Dear Editor and Reviewer 2

 

Manuscript. Number.: biomedicines-3172427

Title: Exacerbation of hepatic damage in endothelial aquaporin 1 transgenic mice after experimental heatstroke

Journal: Biomedicines

 

We are extremely thankful to the Editor and the reviewers who helped to improve our manuscript. We have read all the comments and provided point-by-point responses below. The revised text in the manuscript is in yellow line.

 

 

Reviewer 2

 

1. The present study focused on a very interesting word problem about the effect of global warming on human health. Although global warming is expected to continue increasing and the understanding of the pathogenesis of heatstroke and as a consequence the developing of effective therapeutic strategies is an important challenge. In their transgenic animal model, Aquaporin 1 (AQP1), key protein for water homeostasis, was chosen to be the target for the exacerbation of hepatic damage after experimental heatstroke. In general, the manuscript is well written, and the experimental result supports the conclusion of the study. The article can be accepted in this journal and the author is invited to answer/explain the first comments round.

Thank you very much for your worm and positive comments.

 

2. -Line 108: The confirmation of the dTG mice by the gene expression of Aqp1 in the brain because brain ECs generally do not express Aqp1 is not sufficient dueto endothelial cells expressing very low levels of AQP1 based in different study. The author should explain more this point and can introduce more references.

Thank you very much for your comments. Most of review articles we checked described not to express AQP1 in brain endothelial cells of capillaries. But as you mentioned, there is a report that primary brain capillary endothelial cells of rat express low level of AQP1 (J Neurochem 2005). We added the reports and changed the description in these parts.

 

3. -Line 179: Insert reference about the use of 3h of dehydration period.

Thank you very much. We have missed to refer our study and inserted the references.

 

4. -Line 185: what is the necessity of anesthesia with an overdose of sodium pentobarbital?

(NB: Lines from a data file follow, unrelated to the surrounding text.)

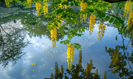 A picturesque mimosa tree flourishing with delicate yellow blossoms, its branches cascading with vibrant foliage and yellow flowers, evoking springtime freshness, banner
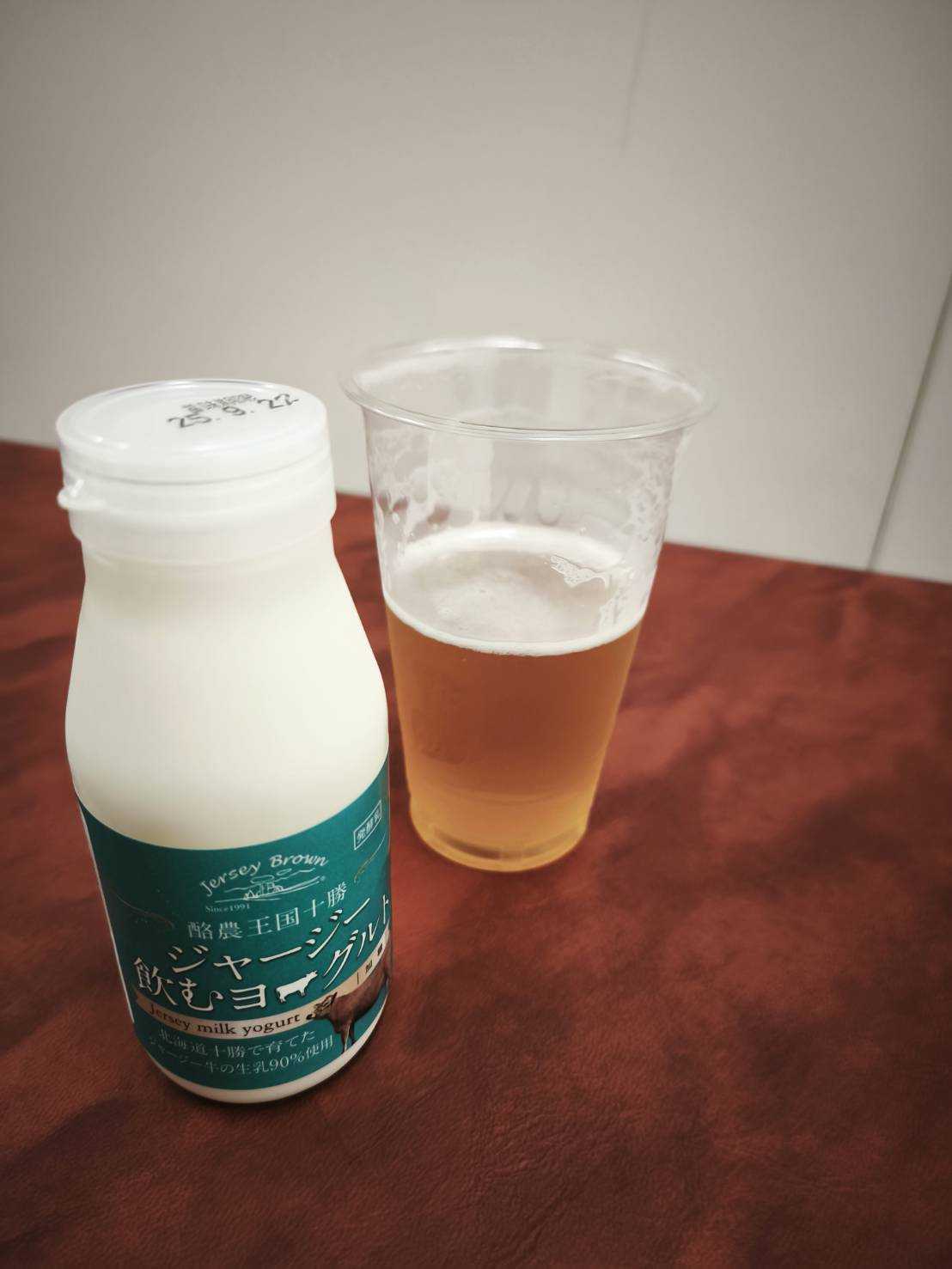 ソフトクリームと飲むヨーグルト飲むヨーグルトとビールウニ丼海鮮丼ザンギと、タコザンギ
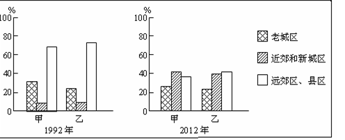 小题1:图形上只是展示的人口比例变化,并不决定人口数量的多少,虽然老城区人口比例略有减少,但该城市人口总量在逐渐增大,所以老城区人口不一定减少;从图中可以直接看出甲城市老城区人口比重变化幅度比乙城市大;远郊区两城市人口比例相当,但两城市人口总数比一定相同,其郊区人口总数可能有差别。选项D正确。

Now a days, to terminate animals, overdose anesthesia, approximately twice of suitable doses is recommended in the point of view for animal care.

 

5. Line 262: correct the sentence "and in" in place of "andin"

Thank you. we did it.

 

6. The morphological alterations of hepatic tissue in the wild-type and Tie2-Cre/LNL-AQP1 dTG mice is well explained in the present study. Although, the author doesn’t pay any attention to the other tissues (kidney for example). This can improve the manuscript even without any damage. If there are additional result (hematoxylin-eosin staining) for other tissues, it will be very interesting.

Thank you for your comments. In present study, we could not see any serum biochemical changes which indicate renal damage such as Cre and BUN. Therefore, we did not focus on the morphological comparison among them. However, in case of severe damages in kidney, the animals were exhibited abnormality mainly in proximal tubules. The tubules showed swelling and degeneration of tubular epithelial cells and urinary casts. Please see out previous reports (Miyamoto 2021).

 

Author Response File: Author Response.docx

Round 2

Reviewer 1 Report

Comments and Suggestions for Authors

After the corrections, I am satisfied.